__Action item__. Each line of the material should be set down exactly. Pictures are not part of the copy.
(Provided material begins)
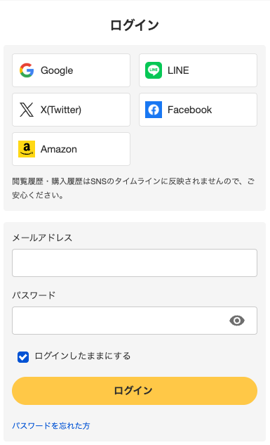 Google・LINE・Xなどの外部アカウントを利用して会員登録した場合は、登録した方法を選択しログインしてください。
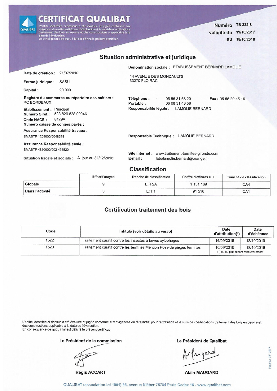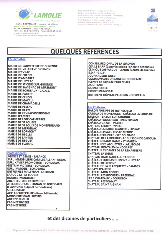 La durée de ces garanties varie en fonction des prestations réalisées et est indiquée sur les devis.
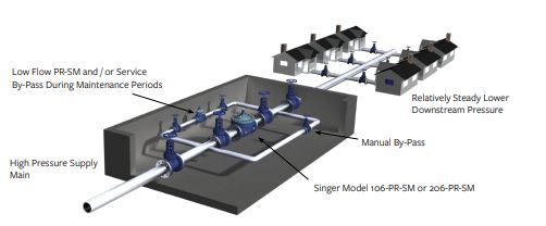 Singer PR-SM có thể được sử dụng cho hệ thống phòng cháy chữa cháy bởi vì nó tự động giảm áp suất đầu vào cao hơn xuống mức
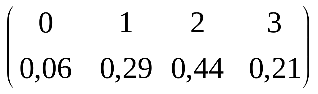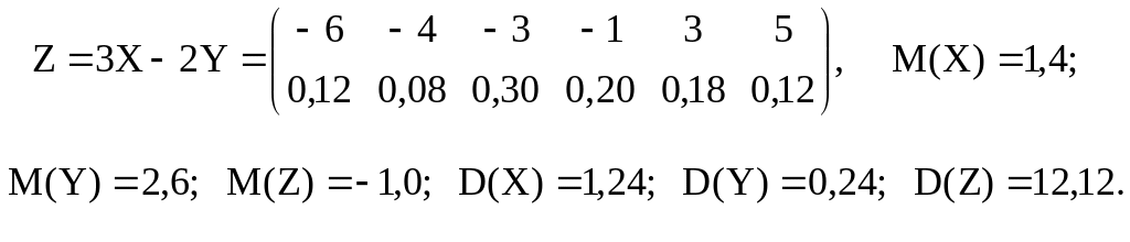 Найти вероятности, с которыми случайные величины принимают значение 3, а затем составить закон распределения случайной величины 3X – 2Y и проверить выполнение свойств математического ожидания и дисперсий: M(3X – 2Y)=3M(X) – 2M(Y), D(3X – 2Y)=9D(X) + 4D(Y).
(Provided material ends)
__Solution below__.
 Google・LINE・Xなどの外部アカウントを利用して会員登録した場合は、登録した方法を選択しログインしてください。
 La durée de ces garanties varie en fonction des prestations réalisées et est indiquée sur les devis.
 Singer PR-SM có thể được sử dụng cho hệ thống phòng cháy chữa cháy bởi vì nó tự động giảm áp suất đầu vào cao hơn xuống mức
 Найти вероятности, с которыми случайные величины принимают значение 3, а затем составить закон распределения случайной величины 3X – 2Y и проверить выполнение свойств математического ожидания и дисперсий: M(3X – 2Y)=3M(X) – 2M(Y), D(3X – 2Y)=9D(X) + 4D(Y).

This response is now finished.